== PROBLEM STATEMENT ==
Exactly the lines from the beginning of the listing below through the line that contains "Fototapeta premium View" should be transcribed, and pictures must stay out.

== RECORDS SUPPLIED ==
■ ■ ■ ■ ■ ■ ■
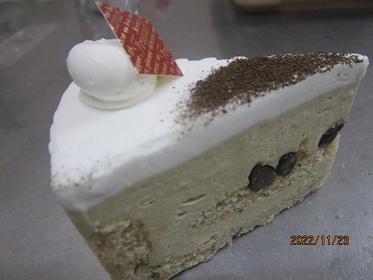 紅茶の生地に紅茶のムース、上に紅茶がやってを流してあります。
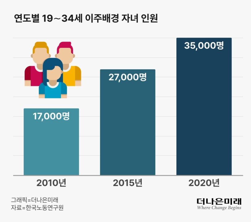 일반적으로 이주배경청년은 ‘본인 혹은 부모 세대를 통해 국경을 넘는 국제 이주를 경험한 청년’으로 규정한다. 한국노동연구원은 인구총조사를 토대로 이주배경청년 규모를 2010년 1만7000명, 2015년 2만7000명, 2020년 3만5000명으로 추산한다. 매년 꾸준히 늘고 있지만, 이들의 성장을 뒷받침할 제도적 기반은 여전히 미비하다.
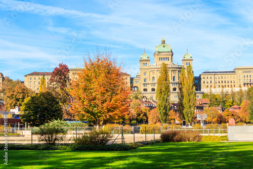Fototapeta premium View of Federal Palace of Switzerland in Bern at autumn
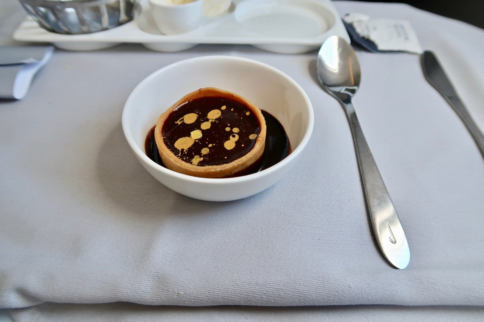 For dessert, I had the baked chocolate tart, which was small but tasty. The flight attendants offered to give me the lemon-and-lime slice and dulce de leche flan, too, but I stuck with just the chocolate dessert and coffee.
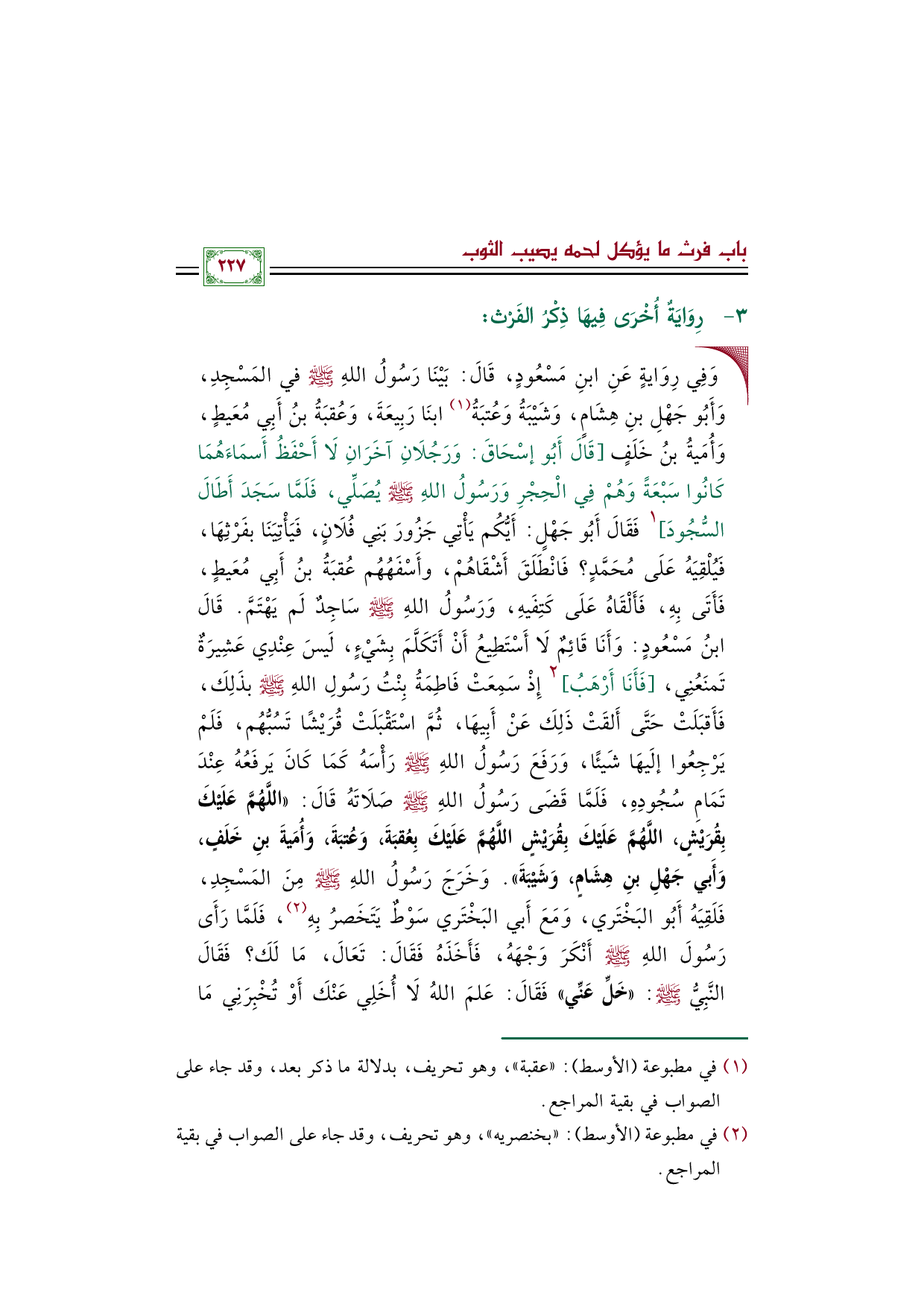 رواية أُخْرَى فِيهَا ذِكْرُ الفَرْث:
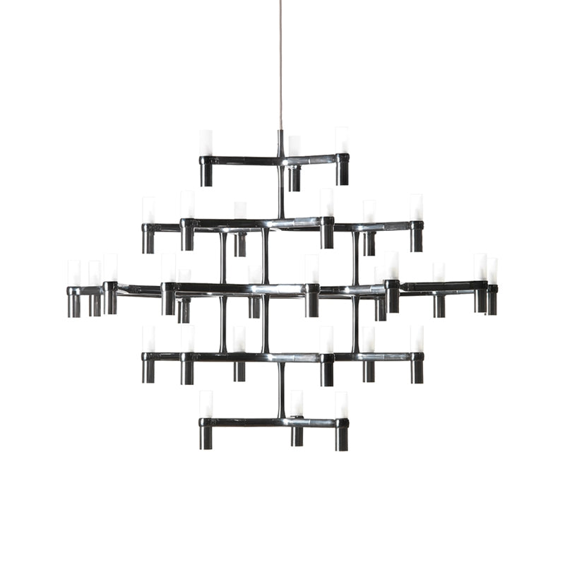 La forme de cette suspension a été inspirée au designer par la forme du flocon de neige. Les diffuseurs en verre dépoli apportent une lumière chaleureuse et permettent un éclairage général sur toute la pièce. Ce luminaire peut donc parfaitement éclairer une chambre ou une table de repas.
■ ■ ■ ■ ■ ■ ■
== SOLUTION TO THE EXERCISE ==
 紅茶の生地に紅茶のムース、上に紅茶がやってを流してあります。
 일반적으로 이주배경청년은 ‘본인 혹은 부모 세대를 통해 국경을 넘는 국제 이주를 경험한 청년’으로 규정한다. 한국노동연구원은 인구총조사를 토대로 이주배경청년 규모를 2010년 1만7000명, 2015년 2만7000명, 2020년 3만5000명으로 추산한다. 매년 꾸준히 늘고 있지만, 이들의 성장을 뒷받침할 제도적 기반은 여전히 미비하다.
Fototapeta premium View of Federal Palace of Switzerland in Bern at autumn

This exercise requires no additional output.